转移矩阵 $ A $：在模拟中逐步接近真实值 $ [0.95, 0.05; 0.1, 0.9] $，但由于序列短且初始值随机，5 次迭代后可能仍接近初始值。更多迭代会进一步收敛。
发射矩阵 $ B $：接近真实值，尤其是 $ b_2(6) \approx 0.645 $，反映作弊骰子偏向 6。


使用估计参数的 Viterbi 路径：
$$Q^* = ['F', 'F', 'L', 'L', 'L', 'L', 'L']$$
（前两个为公平骰子，后续因连续 6 切换到作弊骰子）。

### 总结
这个例子完整展示了 HMM 的三个核心问题：

- 评估：前向算法计算 $ P(O | \lambda) \approx 1.52 \times 10^{-6} $，表明序列可能包含作弊。
- 解码：Viterbi 算法找出最佳状态序列，反映连续 6 时切换到作弊骰子。
- 学习：Baum-Welch 算法从随机初始参数迭代估计 $ \lambda $，发射概率逐渐接近真实值，路径推断合理。


In [7]:
import numpy as np

# 1. Define states
states = ["F", "L"]
# Number of states
N = len(states)

# 2. Define observations
observations = [1, 2, 3, 4, 5, 6]
# Number of observations
M = len(observations)

# 3. Define initial probabilities
start_probability = np.array([0.5, 0.5])

# 4. Define transition matrix
transition_matrix = np.array([
    [0.95, 0.05],
    [0.10, 0.90]
])

# 5. Define emission matrix
emission_matrix = np.array([
    [1/6] * 6,
    [0.1] * 5 + [0.5]
])

# 6. Define the example observation sequence
observation_sequence = [3, 5, 1, 6, 6, 6, 2]

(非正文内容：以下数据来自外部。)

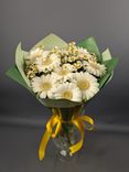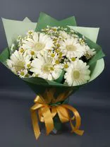 Букет «Шарм летнего сада» — это легкость, свежесть и солнечное настроение в каждом цветке. Нежные ромашки и изысканный танацетум, создают ощущение уюта и природной гармонии. Этот букет словно переносит в утро летнего дня, наполненное ароматом трав и щебетом птиц. Простота ромашек напоминает о детстве, искренности и радости, а миниатюрные соцветия танацетума добавляют композиции глубину и природную естественность. Оформление в зеленую пленку подчеркивает натуральность букета и делает его особенно трогательным.

# 7. Define the indexed observation sequence (1->0, 2->1, ..., 6->5)
observation_to_index = {obs: i for i, obs in enumerate(observations)}
indexed_observation_sequence = [observation_to_index[obs] for obs in observation_sequence]

print("States:", states)
print("Observations:", observations)
print("Start Probability:", start_probability)
print("Transition Matrix:\n", transition_matrix)
print("Emission Matrix:\n", emission_matrix)
print("Observation Sequence:", observation_sequence)
print("Indexed Observation Sequence:", indexed_observation_sequence)

States: ['F', 'L']
Observations: [1, 2, 3, 4, 5, 6]
Start Probability: [0.5 0.5]
Transition Matrix:
 [[0.95 0.05]
 [0.1  0.9 ]]
Emission Matrix:
 [[0.16666667 0.16666667 0.16666667 0.16666667 0.16666667 0.16666667]
 [0.1        0.1        0.1        0.1        0.1        0.5       ]]
Observation Sequence: [3, 5, 1, 6, 6, 6, 2]
Indexed Observation Sequence: [2, 4, 0, 5, 5, 5, 1]


In [8]:
def forward_algorithm(observations, states_n, start_prob, trans_mat, emit_mat):
    """
    Calculates the probability of an observation sequence using the forward algorithm.

    Args:
        observations (list): A list of indexed observations.
        states_n (int): The number of hidden states.
        start_prob (np.ndarray): The initial state probabilities.
        trans_mat (np.ndarray): The state transition matrix.
        emit_mat (np.ndarray): The emission matrix.

    Returns:
        float: The probability of the observation sequence.
    """
    T = len(observations)
    N = states_n
    alpha = np.zeros((T, N))

    # Initialization step
    for i in range(N):
        alpha[0, i] = start_prob[i] * emit_mat[i, observations[0]]

    # Recursion step
    for t in range(1, T):
        for j in range(N):
            sum_alpha_prev = 0
            for i in range(N):
                sum_alpha_prev += alpha[t-1, i] * trans_mat[i, j]
            alpha[t, j] = sum_alpha_prev * emit_mat[j, observations[t]]

    # Termination step
    probability = np.sum(alpha[T-1, :])

    return probability

# Test the forward algorithm with the example sequence
prob_observation_sequence = forward_algorithm(
    indexed_observation_sequence,
    N,
    start_probability,
    transition_matrix,
    emission_matrix
)

print("Probability of the observation sequence:", prob_observation_sequence)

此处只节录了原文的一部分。